- Born: September 14, 1944 (age 81) Brooklyn, New York, U.S.
- Education: New York University
- Occupations: Knifemaker, jeweler

= Robert Terzuola =

American knife maker (born 1944)

Robert G. Terzuola (born 1944) is an American knife maker who popularized the type of knife known as the tactical folding knife.

==Early life==
Terzuola was born in Brooklyn, New York on 14 September 1944. He attended Stuyvesant High School where his academic achievements earned him a full scholarship to New York University where he studied vocational education. Upon graduation in 1966 he joined the Peace Corps and went to Panama as a volunteer for two years, after which he was invited to become a Peace Corps trainer in Puerto Rico.
He worked as a field supervisor for several experimental education projects in Guatemala and in the mid-eighties, directed the War Damage Surveys in El Salvador and Guatemala for AID's Office of Foreign Disaster Assistance.
Terzuola taught himself jade carving and became General Manager of a Jade Jewelry company in the town of Antigua, Guatemala. By 1980, Terzuola began making knives professionally while managing the Jade business and that same year joined the Knifemakers' Guild on an endorsement from Bob Loveless. Terzuola has also enjoyed membership in the German and Italian Knifemakers Guilds.

==Knifemaking==

Terzuola's first knives were fixed blade, combat designs, made for soldiers, CIA operatives and security personnel working in Guatemala, El Salvador and Nicaragua.
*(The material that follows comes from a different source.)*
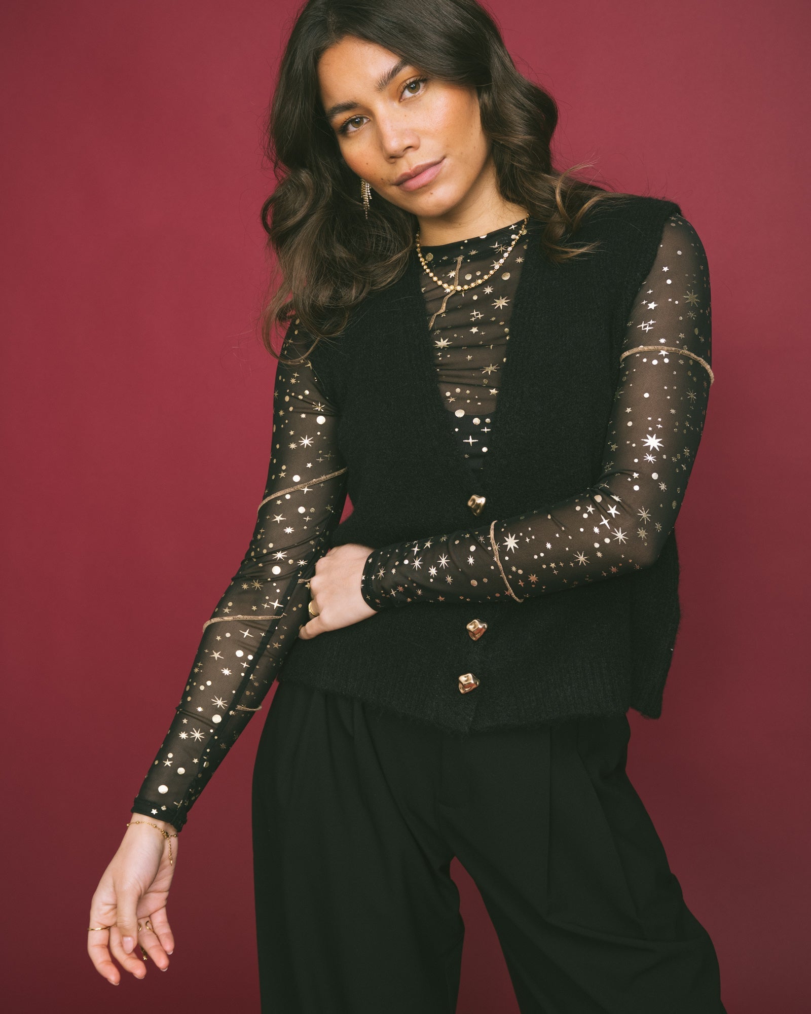 De Monica Knitted Gilet Black is het perfecte layering item voor ieder seizoen. Het zachte breisel en de relaxte fit maken ‘m super comfortabel, terwijl de gouden knopen zorgen voor een chique touch. Draag ‘m over een basic tee, longsleeve of blouse.

In 1984 he relocated to Santa Fe, New Mexico and began making folding knives. Seeing a need for a knife that could be carried discreetly he developed a model using black micarta for scales and bead-blasted titanium frames; for this effort he coined the term "Tactical Knife".

Terzuola's most popular model is the ATCF (Advanced Technology Combat Folder), a linerlock folding knife. This was his first tactical folding knife, although he makes it with non-tactical materials on occasion with ivory or stag scales and damascus steel blades. He is widely considered to be the first maker and “Godfather” of tactical folding knives.

Terzuola has authored a book about the design of tactical knives which was updated and expanded in the 2019 edition. He has authored articles about tactical knives and knifemaking for Blade, Soldier of Fortune and other publications. In 2008 he relocated his shop to Albuquerque, New Mexico.

Terzuola has collaborated with other knifemakers and production companies including Spyderco, Strider Knives, and Microtech Knives.
Terzuola's first factory collaboration was with Spyderco to produce the C-15 model in 1989. This knife became historic because it was the first liner lock system folder produced by a commercial factory, was the first production knife to use G-10 scales and ATS-34 steel, the first production knife to have parts blanked by laser instead of stamping and the first knife to be produced by a new, start-up company named "Benchmade".
In 2016, Bob and his wife Suzi moved his home and shop to San Diego, California where he continues to hand-make high quality folding and fixed blade knives.
In June of 2023, Terzuola was inducted into the “Cutlery HALL of FAME” at the Blade knife show in Atlanta Georgia.
He had already been named as one of the four living “Mount Rushmore” Legends of modern Knifemaking.